- Exercise
Below is a block of records; reproduce all of them exactly and leave out any pictures.

Data entries
• • • • • • •

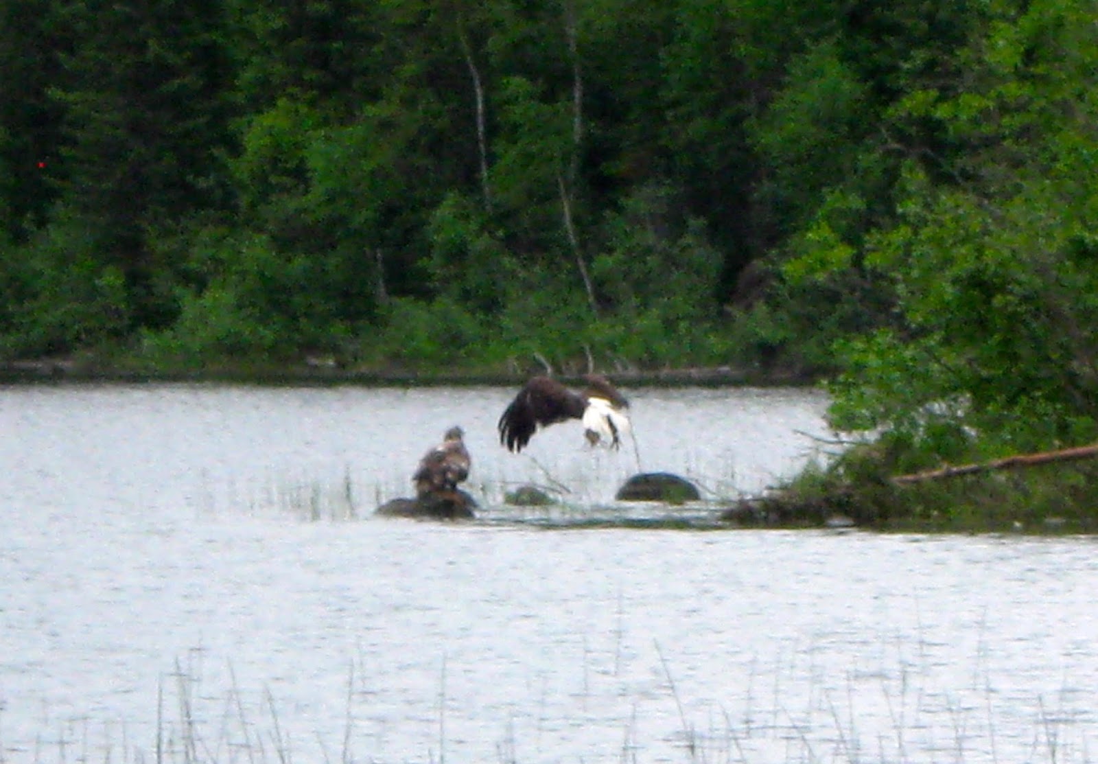 We like the eagles.  And its not just because we’d be feathered and tarred if we didn’t (is that too ironic, perhaps?) but we genuinely like them.  I think they are quite moving really.  Such a regal creature.  Its not too surprising that we see a fair amount out at the lodge – I mean its call EAGLE Falls Lodge!  Many eagles are viewed daily, from out in the boat and from on the deck back at camp.
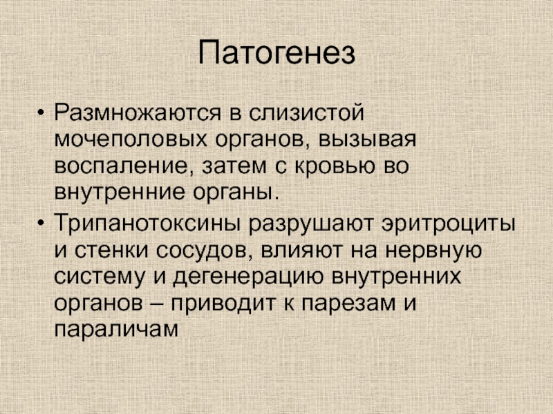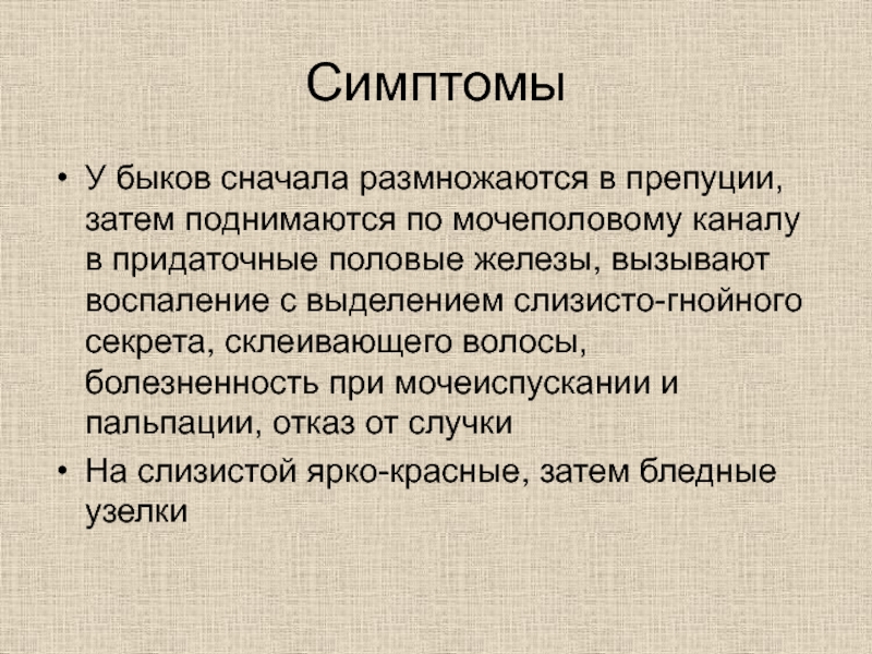 У быков размножаясь вызывают воспаление препуциального мешка, пениса, придаточных половых желез и семенников.
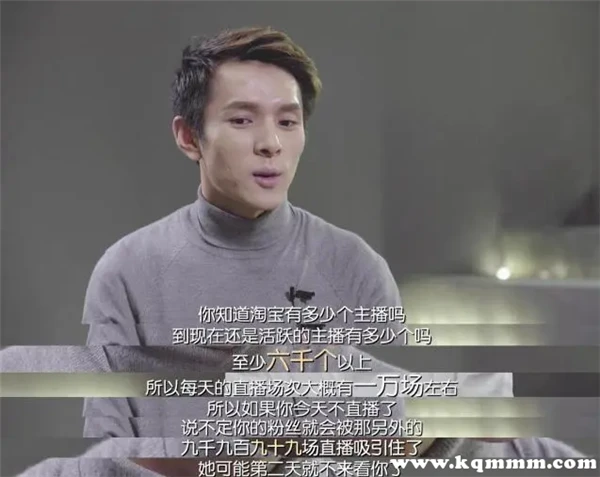 除了他在直播背后的努力,他能这么红,这跟他的心态也是很有关系的。大家是不是会觉得他都已经这么红了,是不是可以给自己放松一下,休息休息呢?他家看他是怎么回答的,“你知道淘宝有多少个主播吗?到现在还是活跃的主播有多少个吗?至少六千个以上。所以每天的直播场次大概有一万场左右。所以如果你今天不直播了,九千九百九十九场直播吸引住了,她第二天就不来看你了”。
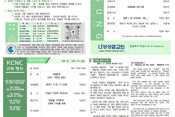 February 14, 2026 Posted By: manager 교회 소식1. 환영 및 감사 | 주일 예배에 오신 여러분을 주님의 이름으로 환영합니다. 오늘 점심은 이성우 장로님께서 섬겨 주십니다. 감사를 드리며, 매주일 점심식사를 준비해 주시는 성도님들께도 감사드립니다. 2. 제54회 엘에이(LA) 지방회 임원 | *회 장: 이병억 목사(뉴송교회) *부회장: 이진경 목사(임마누엘선교교회) / 허요한 장로(하와이갈보리교회) *서 기: 이성수 목사(나성성결교회) *회 계: 조동환 장로(행복한우리교회)...
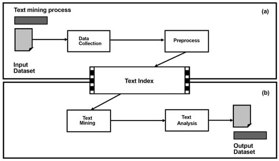 Text mining process. (a) Input data text mining process composed by data collection and preprocess; (b) Output data text mining process composed by text mining and text analysis. Source: The authors.
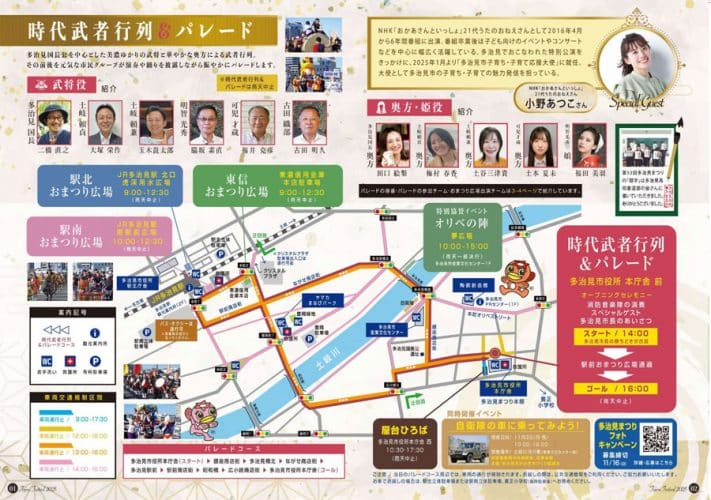 多治見国長公を中心とした美濃ゆかりの武将と、華やかな奥方や娘役、市民グループ24団体がパレードに参加予定。
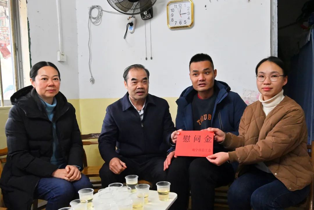 南宁市总工会党组成员、副主席谭靖参加慰问。(南宁市总工会)
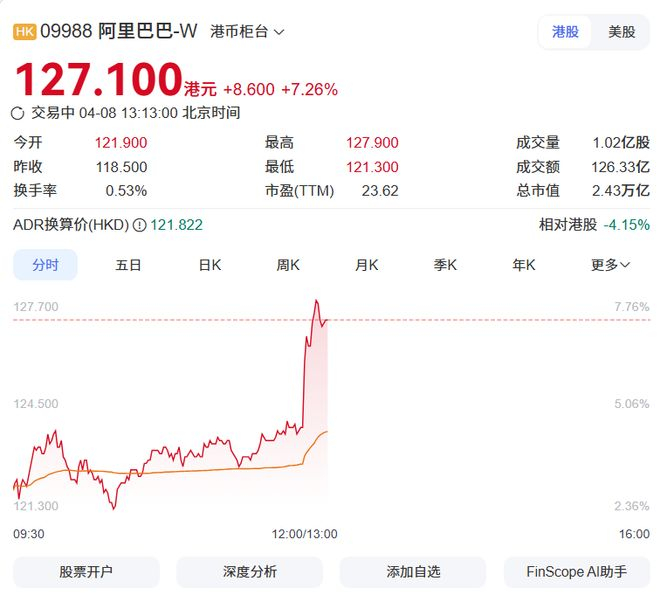 阿里巴巴港股大涨7% 市场资讯 04.08 13:27 (来源:三言科技)4月8日消息,阿里巴巴港股午间大涨7.26%,截至发稿,港股每股达127.1港元,总市值达2.43万亿港元,较昨日收盘价118.5港元上涨8.6港元。

• • • • • • •

- Answer to this problem
 We like the eagles.  And its not just because we’d be feathered and tarred if we didn’t (is that too ironic, perhaps?) but we genuinely like them.  I think they are quite moving really.  Such a regal creature.  Its not too surprising that we see a fair amount out at the lodge – I mean its call EAGLE Falls Lodge!  Many eagles are viewed daily, from out in the boat and from on the deck back at camp.
 У быков размножаясь вызывают воспаление препуциального мешка, пениса, придаточных половых желез и семенников.
 除了他在直播背后的努力,他能这么红,这跟他的心态也是很有关系的。大家是不是会觉得他都已经这么红了,是不是可以给自己放松一下,休息休息呢?他家看他是怎么回答的,“你知道淘宝有多少个主播吗?到现在还是活跃的主播有多少个吗?至少六千个以上。所以每天的直播场次大概有一万场左右。所以如果你今天不直播了,九千九百九十九场直播吸引住了,她第二天就不来看你了”。
 February 14, 2026 Posted By: manager 교회 소식1. 환영 및 감사 | 주일 예배에 오신 여러분을 주님의 이름으로 환영합니다. 오늘 점심은 이성우 장로님께서 섬겨 주십니다. 감사를 드리며, 매주일 점심식사를 준비해 주시는 성도님들께도 감사드립니다. 2. 제54회 엘에이(LA) 지방회 임원 | *회 장: 이병억 목사(뉴송교회) *부회장: 이진경 목사(임마누엘선교교회) / 허요한 장로(하와이갈보리교회) *서 기: 이성수 목사(나성성결교회) *회 계: 조동환 장로(행복한우리교회)...
 Text mining process. (a) Input data text mining process composed by data collection and preprocess; (b) Output data text mining process composed by text mining and text analysis. Source: The authors.
 多治見国長公を中心とした美濃ゆかりの武将と、華やかな奥方や娘役、市民グループ24団体がパレードに参加予定。
 南宁市总工会党组成员、副主席谭靖参加慰问。(南宁市总工会)
 阿里巴巴港股大涨7% 市场资讯 04.08 13:27 (来源:三言科技)4月8日消息,阿里巴巴港股午间大涨7.26%,截至发稿,港股每股达127.1港元,总市值达2.43万亿港元,较昨日收盘价118.5港元上涨8.6港元。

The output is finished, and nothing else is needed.